*** Provided data ***
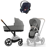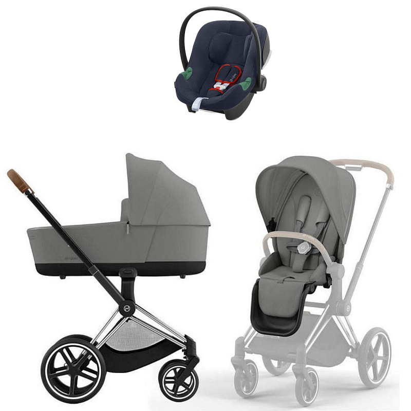 Коляска Cybex Priam IV Chrome Brown complete Aton B2 Bay Blue Base One 3 в 1 Mirage Grey
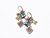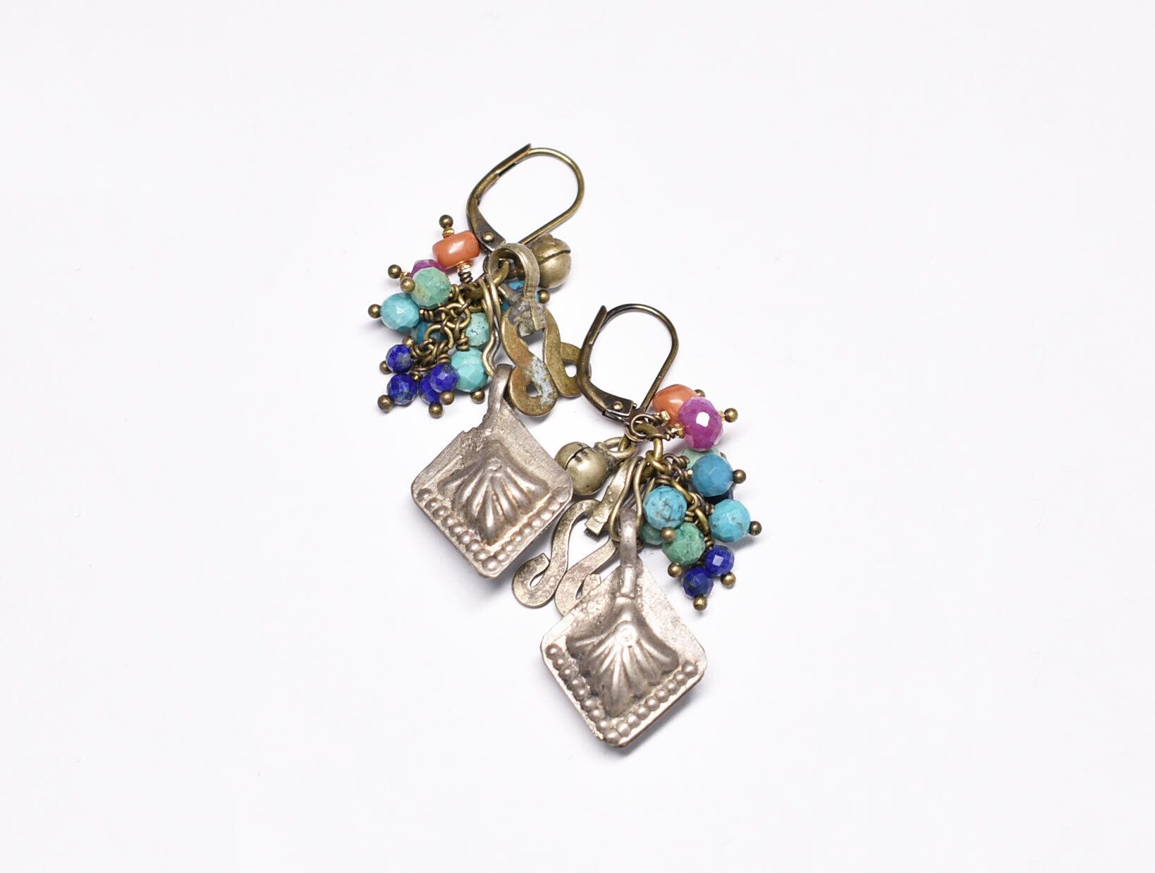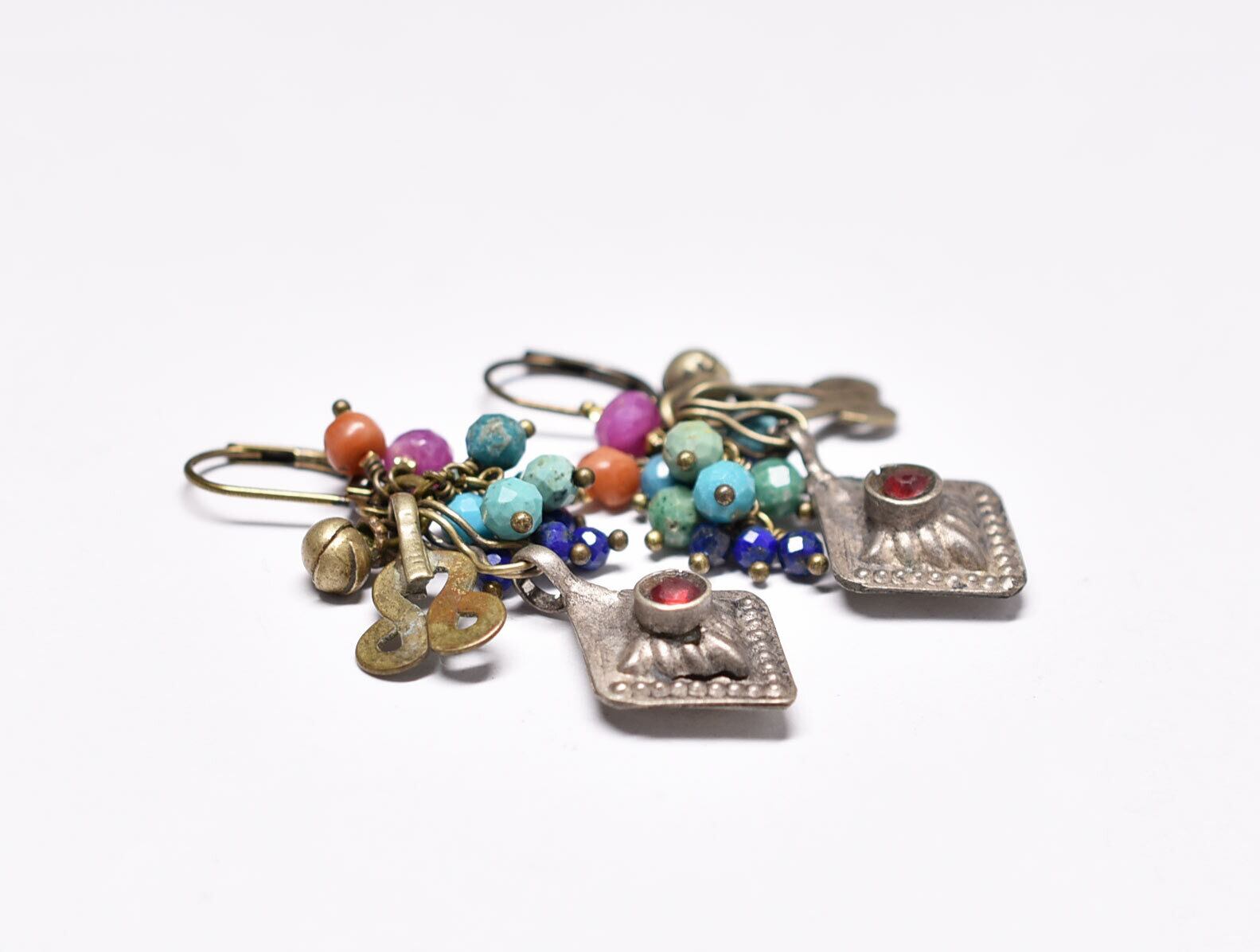 アフガニスタンメタルパーツとたわわなストーンビーズ、民族鈴を繋いだピアスです。
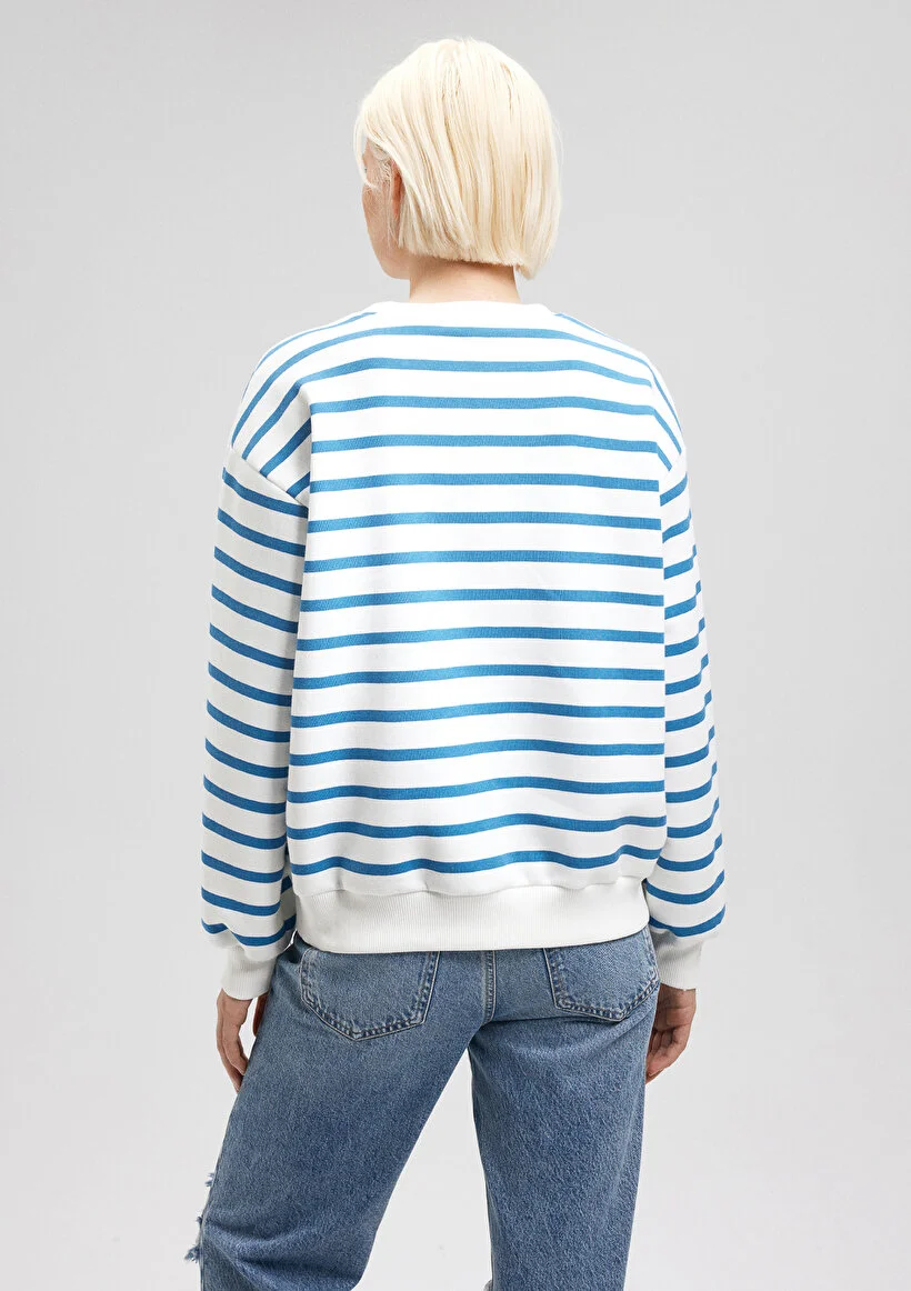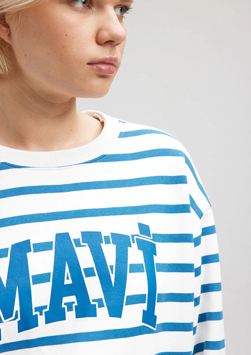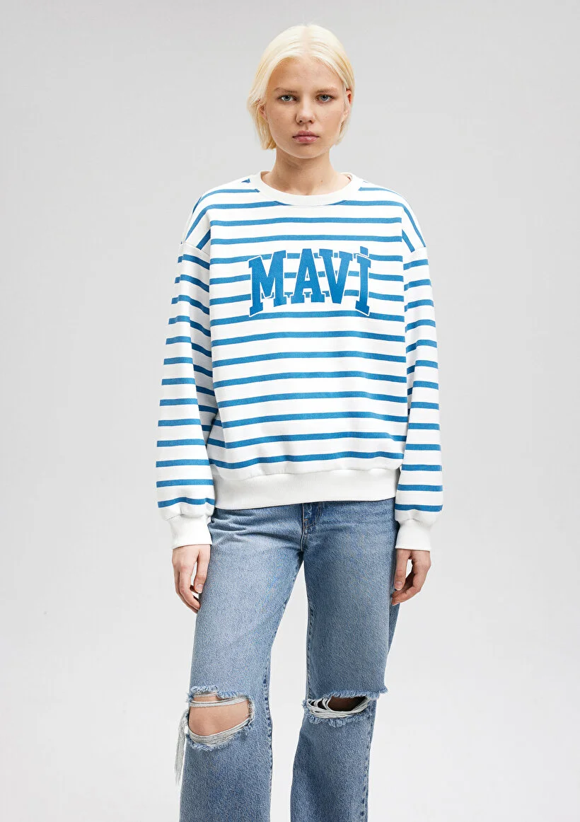 MAVİ LOGO BASKILI MAVİ ÇİZGİLİ SWEATSHIRT, her mevsim giyilebilir kalitededir. Soğuk havalarda sıcacık bir ürün sunan ürün, hafif ve ince yapısı sayesinde yaz aylarında da rahatlıkla giyilebilir.
***
▶ _What this task involves_:
Once you have returned the line containing "アフガニスタンメタルパーツとたわわなストーンビーズ、民族鈴を繋いだピアスです。", stop; begin at the first line of the material, keep each line exact, and skip the pictures.

▶ _Response to the exercise_:
 Коляска Cybex Priam IV Chrome Brown complete Aton B2 Bay Blue Base One 3 в 1 Mirage Grey
 アフガニスタンメタルパーツとたわわなストーンビーズ、民族鈴を繋いだピアスです。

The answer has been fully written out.